Example App - Reinvent Cloud Drive#
There are many cloud drive products available in the market, such as Google Drive, Microsoft One Drive, Dropbox, and more. By using AWS S3 and s3pathlib
, it is possible to create your own cloud drive product.
The primary technologies used are S3 Bucket versioning
and Object Lifecycle Management
. S3 Bucket versioning can preserve all historical versions of your file and prevent accidental deletions. Object Lifecycle Management can also automatically expire older versions.
First, let’s assume that you have a customer John
using your cloud drive product. He is trying to sync the /Users/John/cloud-drive/
on the laptop to the s3://s3pathlib-versioning-enabled/cloud-drive/John/
on S3.
[62]:
from pathlib_mate import Path
from s3pathlib import S3Path
dir_root = Path("cloud-drive")
dir_root.mkdir_if_not_exists()
s3dir_root = S3Path("s3://s3pathlib-versioning-enabled/cloud-drive/John/")

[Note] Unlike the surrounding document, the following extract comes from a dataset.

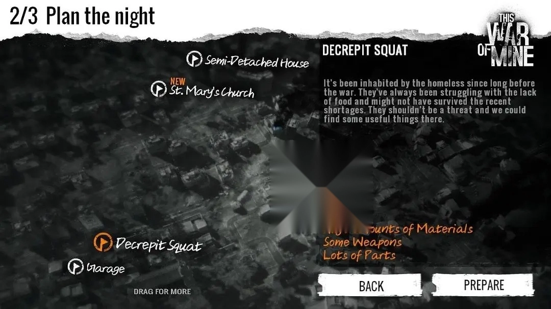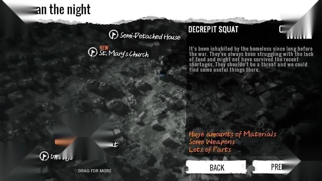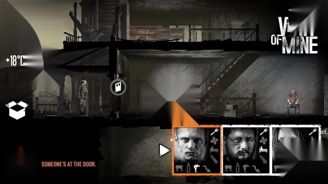 住着饥饿的画家,去的时候给他带个生肉就能够他活到战争结束,然后他会带你去地下室获得两个钻石和一瓶酒精,并且全家满足。一个锁,一个栅栏,大量材料,无食物,有电子元件与零件。

s3dir_root.mkdir(exist_ok=True)
_ = dir_root.remove_if_exists()
_ = s3dir_root.delete(is_hard_delete=True)
Local File Change Handler#
User wants to sync their change on the local file system to the cloud drive. Now we defined a function to handle the local file change event. It will upload the file to S3 and create a new version, and return the S3 path.
[63]:
def handle_local_file_change_event(path: Path):
s3path = s3dir_root.joinpath(str(path.relative_to(dir_root)))

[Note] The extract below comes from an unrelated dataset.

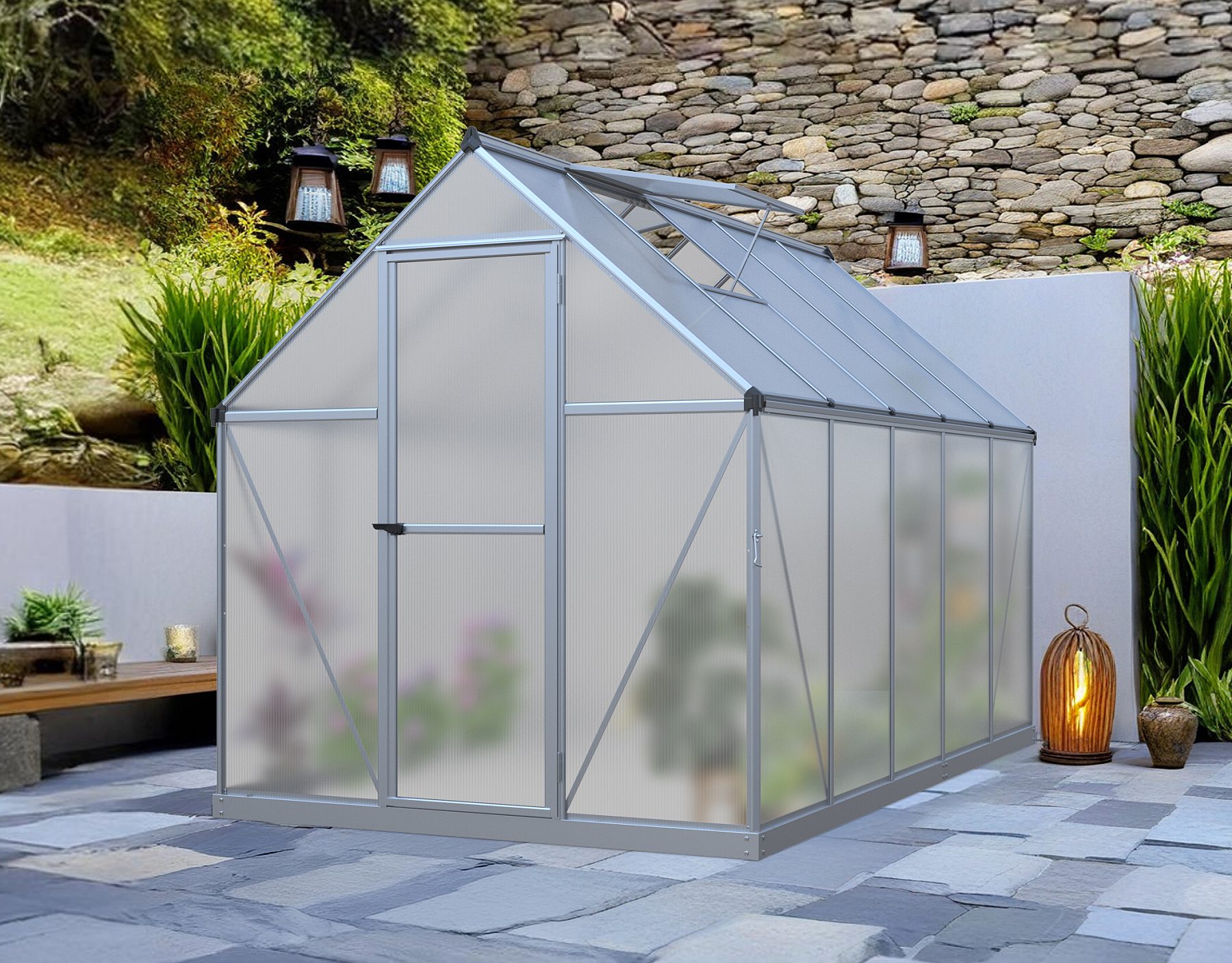 Opakowanie zawiera jednoskrzydłowe drzwi uchylne (sz x w = 0,58 x 1,65 m), profile AL, przeszklenie, podstawa ze stali ocynkowanej, 2x okno dachowe wentylacyjne otwierane ręcznie, wszystkie mocowania. Istnieje możliwość zakupu szeregu akcesoriów do szklarni - półek, otwieraczy automatycznych, termometrów, higrometrów.

s3path.write_bytes(path.read_bytes())
return s3path
[64]:
# user create the version of doc.txt
path_v1 = dir_root.joinpath("my-documents/doc.txt")
path_v1.parent.mkdir_if_not_exists()
path_v1.write_text("v1")
# invoke the handle
s3path_v1 = handle_local_file_change_event(path_v1)
[65]:
# you can validate the content of file on S3
s3path_v1.read_text()
[65]:
'v1'
[66]:
for p in s3path_v1.list_object_versions().all():
print(f"version_id = {p.version_id}, content = {p.read_text(version_id=p.version_id)!r}")

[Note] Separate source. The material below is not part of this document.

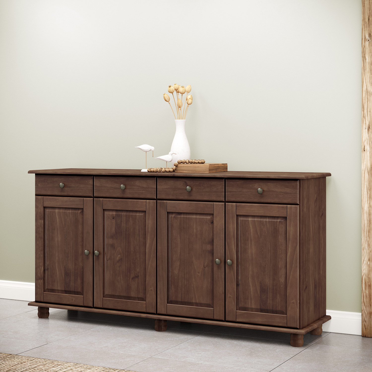 Príborník RUBI v tmavo hnedom prevedení je dôkazom, že poctivý drevený nábytok stále drží krok s dnešným svetom. Jeho konštrukcia z masívu borovica mu dodáva nielen pevnosť, ale aj charakter. Povrchová úprava tmavým lakom zvýrazňuje kresbu dreva a podčiarkuje jeho prirodzenú krásu. Tento príborník ponúka štvory dvere a štyri zásuvky, čo z neho robí multifunkčný kúsok na každodenné použitie. Zásuvky s kovovými pojazdmi zaisťujú hladké otváranie a poskytujú priestor pre príbory, drobnosti alebo dokumenty, ktoré potrebujete mať po ruke. Za plnými dvierkami sa skrývajú vnútorné police ideálne na uloženie riadu, textilu alebo čohokoľvek, čo si zaslúži svoj vlastný priestor. Celok pôsobí robustne, ale nijako nezahlcuje interiér. Vďaka jednoduchému dizajnu a kovovým úchytkám zapadne do tradičného aj modernejšieho prostredia. Tento kúsok nábytku je praktický, ale nie je nudný. Je nenápadný, a pritom dôležitý.

version_id = xMqg9Jp5l_PhcU4..gcYeGgJbVW6A4wB, content = 'v1'
S3 File Change Handler#
User wants to sync their change on the cloud drive to the local file system too.
[67]:
def handle_s3_file_change_event(s3path: S3Path):
path = dir_root.joinpath(s3path.relative_to(s3dir_root).key)
path.parent.mkdir_if_not_exists()
path.write_bytes(s3path.read_bytes(version_id=s3path.version_id))
return path
[68]:
# put a new version of doc.txt on S3
s3path_v2 = s3path_v1.write_text("v2")
# invoke the handle
path_v2 = handle_s3_file_change_event(s3path_v2)
[69]:
# you can validate the content of file on your laptop
path_v2.read_text()
[69]:
'v2'
Delete and Recover#
With S3 bucket versioning, a deletion is actually a delete-marker on the latest version. If user accidentally delete a file on their local. The S3 still have the copy and marked it as “deleted”. If user accidentally delete a file on their cloud drive, the S3 only put a delete-marker. The user can always use the “Recent deleted” feature to recover the file. On S3 side, it is just a list_object_versions
API call to retrieve a historical version.